The emergence and maintenance of sickle cell hotspots in the Mediterranean

Abstract

Genetic disorders of haemoglobin (haemoglobinopathies), including the thalassaemias and sickle cell anaemia, abound in historically malarious regions, due to the protection they provide against death from severe malaria. Despite the overall spatial correlation between malaria and these disorders, inter-population differences exist in the precise combinations of haemoglobinopathies observed. Greece and Italy present a particularly interesting case study: their high frequencies of beta thalassaemia speak to a history of intense malaria selection, yet they possess very little of the strongly malaria protective mutation responsible for sickle cell anaemia, despite historical migrational links with Africa where high frequencies of sickle cell occur. Twentieth century surveys of beta thalassaemia and sickle cell in Greece, Sicily and Sardinia have revealed striking sickle cell 'hotspots' - places where the frequency of sickle cell approaches that seen in Africa while neighbouring populations remain relatively sickle cell free. It remains unclear how these hotspots have been maintained over time without sickle cell spreading throughout the region. Here we use a metapopulation model to show that (i) epistasis between the alpha and beta forms of thalassaemia can restrict the spread of sickle cell through a network of linked subpopulations and (ii) the emergence of sickle cell hotspots requires relatively low levels of gene flow, but the aforementioned epistasis increases the chances of hotspots forming.

Fig. 1

Visualizing five studies of sickle cell and beta thalassaemia in the Mediterranean. This map summarises data from five studies: (Barnicot et al., 1963; Stamatoyannopoulos and Fessas, 1964; Siniscalco et al., 1966; Cao et al., 2008; Schiliro et al., 1986). Each study recorded the number of beta thalassaemia or sickle cell heterozygotes; we have converted these into allele frequencies, but since homozygotes were excluded from the studies shown these allele frequencies may be a slight underestimate. Supplementary Table S1 provides more information about these data. This map was produced using arcGIS10 (For interpretation to colours in this figure, the reader is refered to the web version of this article.).

Fig. 2

The effect of gene flow and thalassaemia start frequencies on the spread of sickle cell, with and without epistasis.

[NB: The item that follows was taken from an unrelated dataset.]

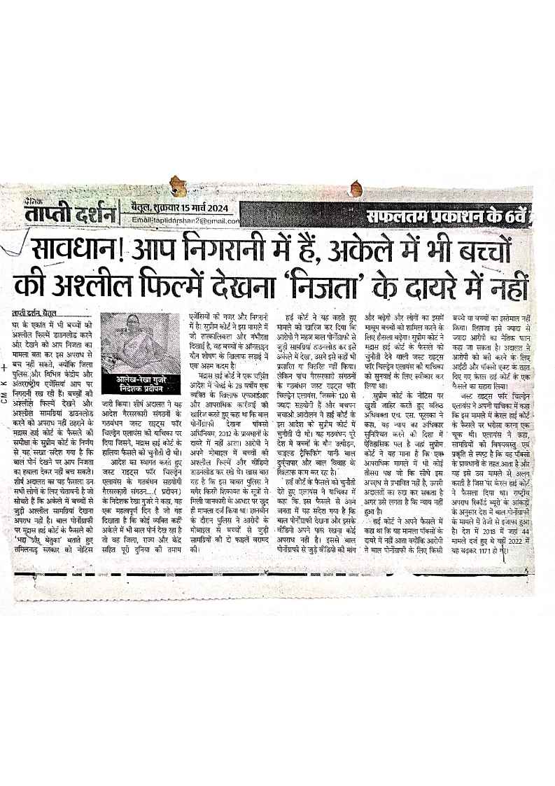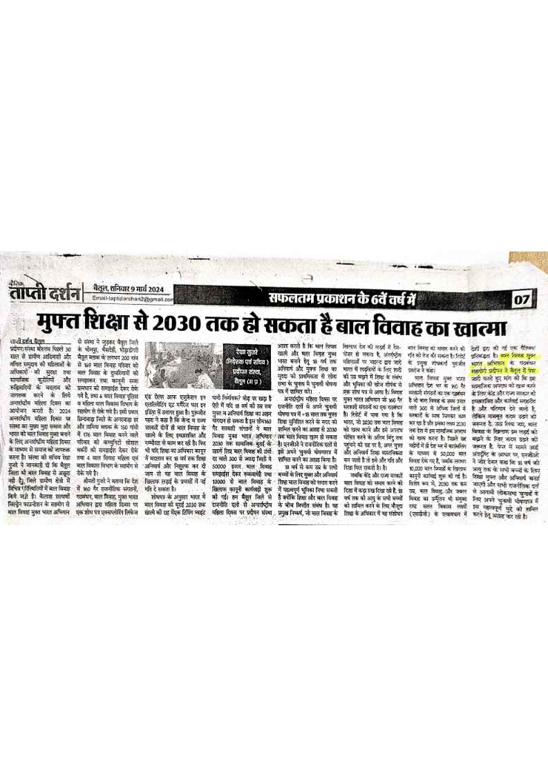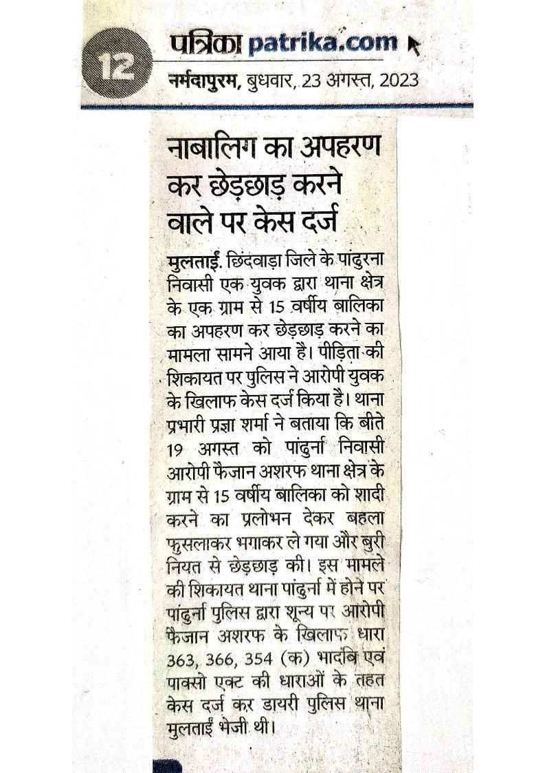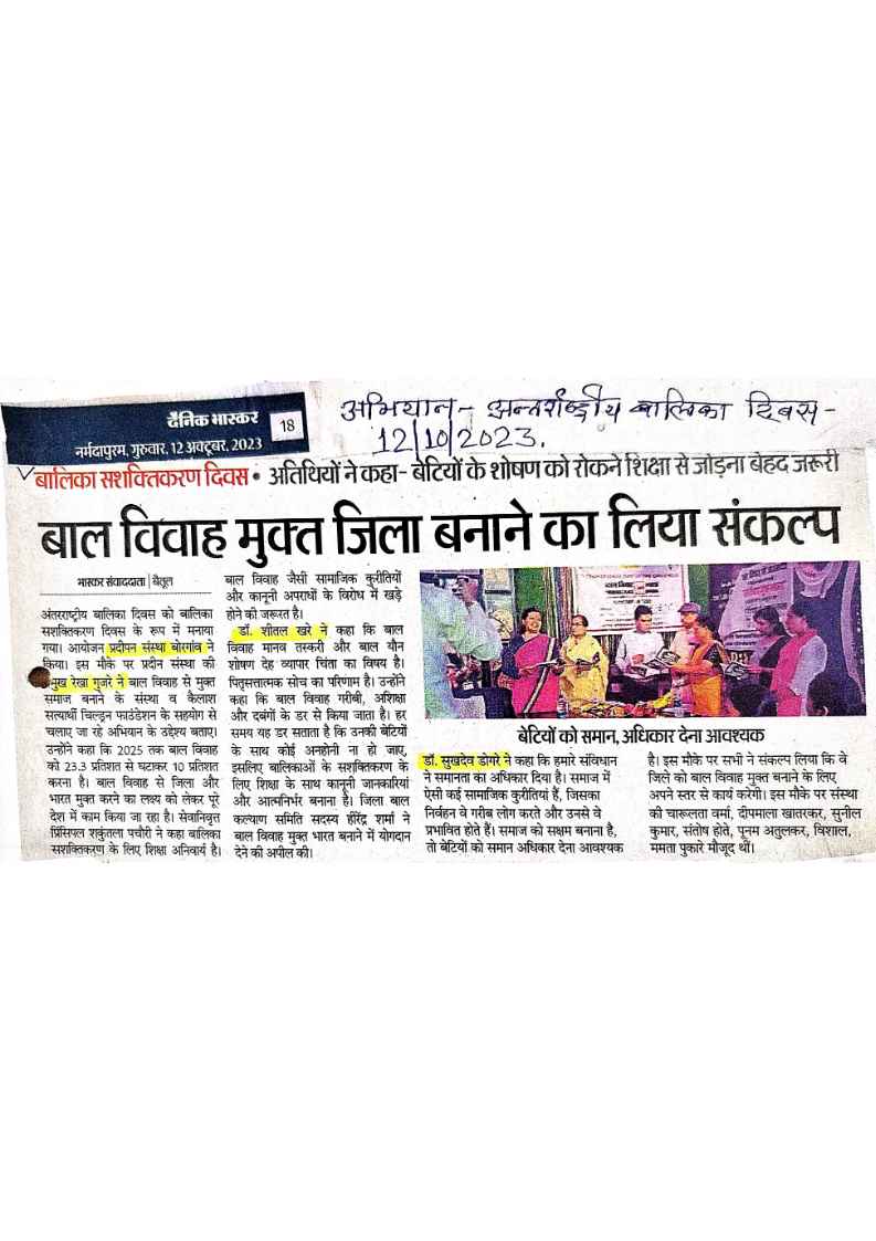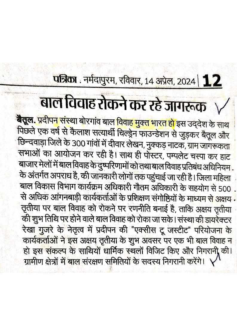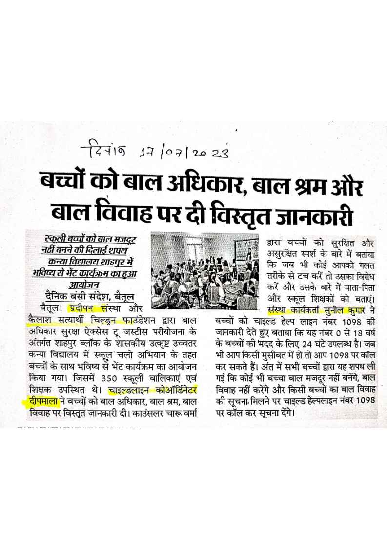 Below are newspaper clippings showcasing our activities and impact across Betul and Madhya Pradesh.

Panels (a) and (b) illustrate the results of a scenario where β^S was first introduced 100 generations ago, into a population containing fixed (and identical) frequencies of both α and β thalassaemia (y axis). Malaria selection is applied to every deme at a level of 0.005 years⁻¹, and after its first introduction, β^S is assumed to re-challenge the population in 30% of subsequent generations, chosen at random. The colour of each cell in the heatmap indicates the mean proportion of demes where the frequency of β^S is <0.005 after 100 generations. 100 repeated simulations were used to generate each cell. Supplementary Fig. S5 offers a detailed illustration of the data underlying this figure for thalassaemia starting frequencies of 0.04 and 0.08. (For interpretation of the references to colour in this figure legend, the reader is referred to the web version of this article.)

Fig. 3

The effect of gene flow and thalassaemia start frequencies on the formation of hotspots, with and without epistasis. Panels (a) and (b) illustrate the results of a scenario where β^S was first introduced 100 generations ago, into a population containing fixed (and identical) frequencies of both α and β thalassaemia (y axis). Malaria selection is applied to every deme at a level of 0.005 years⁻¹, and after its first introduction, β^S is assumed to re-challenge the population in 100% of subsequent generations. The colour of each cell in the heatmap indicates the average number of hotspots observed per metapopulation over 100 simulations at that parameter combination. (For interpretation of the references to colour in this figure legend, the reader is referred to the web version of this article.)

Fig. 4

A timeline of sickle cell introduction. In this simulation, the mixing level was set at 0.01, and β^S was able to challenge the population in 75% of generations after its point of initial introduction. The timeline is based on a generation time of 20 years. The frequencies of both alpha and beta thalassaemia at the beginning of the simulation (200 generations before the present) were 0.02. Thirty repeats were carried out. The Greek and Sardinian patterns were defined as follows: for the Sardinian pattern, the mean proportion of demes with a β^S frequency <0.005 must be >0.9; for the Greek pattern, the mean proportion of demes with a β^S frequency <0.005 must be >0.5, and the mean number of hotspots for that entry time must be >0.1. The network pictures illustrate snapshots in one possible time line, when sickle cell was first introduced 120 generations ago with (c) or without (b) epistasis. The colour of each node indicates the frequency of β^S, and the size of each node indicates the intensity of malaria selection experienced by that deme. The network diagrams in this figure were produced using Gephi (Bastian et al., 2009). (For interpretation of the references to colour in this figure legend, the reader is referred to the web version of this article.)